Additionally, the Governor’s latest proposal would shift increased DMV fees from the General Fund to the Special Transportation Fund, and reduce transfers from the Green Bank, among other things.
Education, other spending reductions
The administration’s newest plan would reduce the Education Cost Sharing grant by about 6% in FY 18, hitting mostly affluent and middle-income communities. This is a major revision to previous proposals, which many felt were too draconian.
The Governor’s plan also would require towns to pick up a portion of their teachers’ retirement costs currently paid for by the state. This issue has been a lightning rod for many legislators and towns across the state.
On the transportation front, the proposal would eliminate the CT Transportation Finance Authority created during the 2017 legislative session.
Governor Malloy has been operating the state by executive order for more than 3 months absent a budget agreement. Fiscal analysts predict that state finances, unless revised, will run $1.6 billion in the red in FY 18 and $1.9 billion in FY 19.
“We appreciate Governor Malloy’s offering of a revised budget plan and will, of course, examine it in some detail as it appears to contain some elements of our previous proposals,” House Minority Leader Themis Klarides, R-Derby, said. “However, we remain focused on our own budget negotiations with our Democratic colleagues.”

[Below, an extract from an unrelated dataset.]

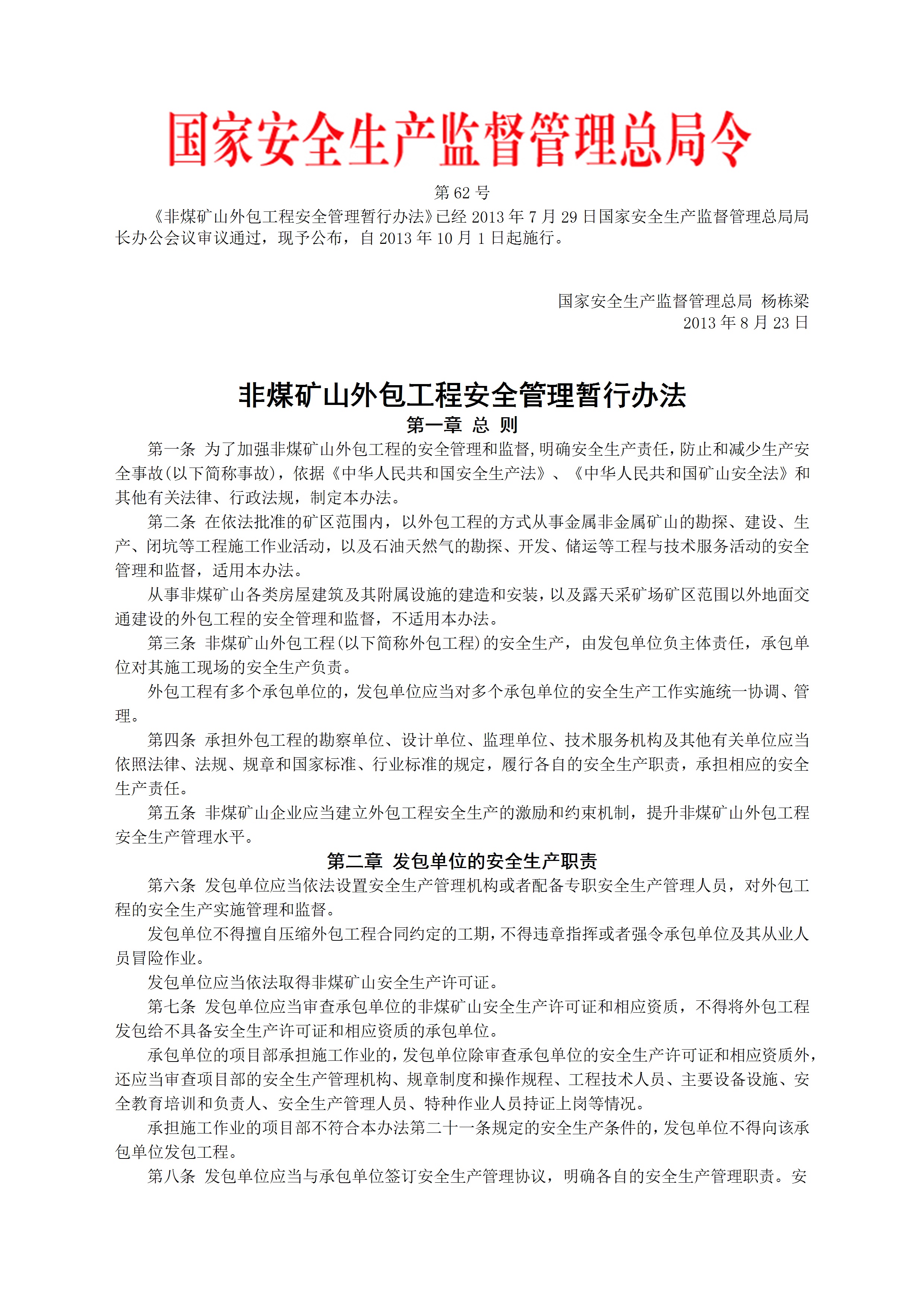 国家安监总局令2013第62号非煤矿山外包工程安全管理暂行办法[文档]

Malloy unveiled his first plan for the biennium on Feb. 8, following with revised two-year plans on May 15 and Sept. 8. The Sept. 8 proposal led to a compromise budget negotiated by the administration and Democratic legislative leadership, but the budget was rejected and a GOP-crafted plan was adopted in mid-September when 8 Democrats defected – 3 in the Senate and 5 in the House. The Governor ultimately vetoed that budget, which brings us to the present standstill.
Hope springs eternal that something will give.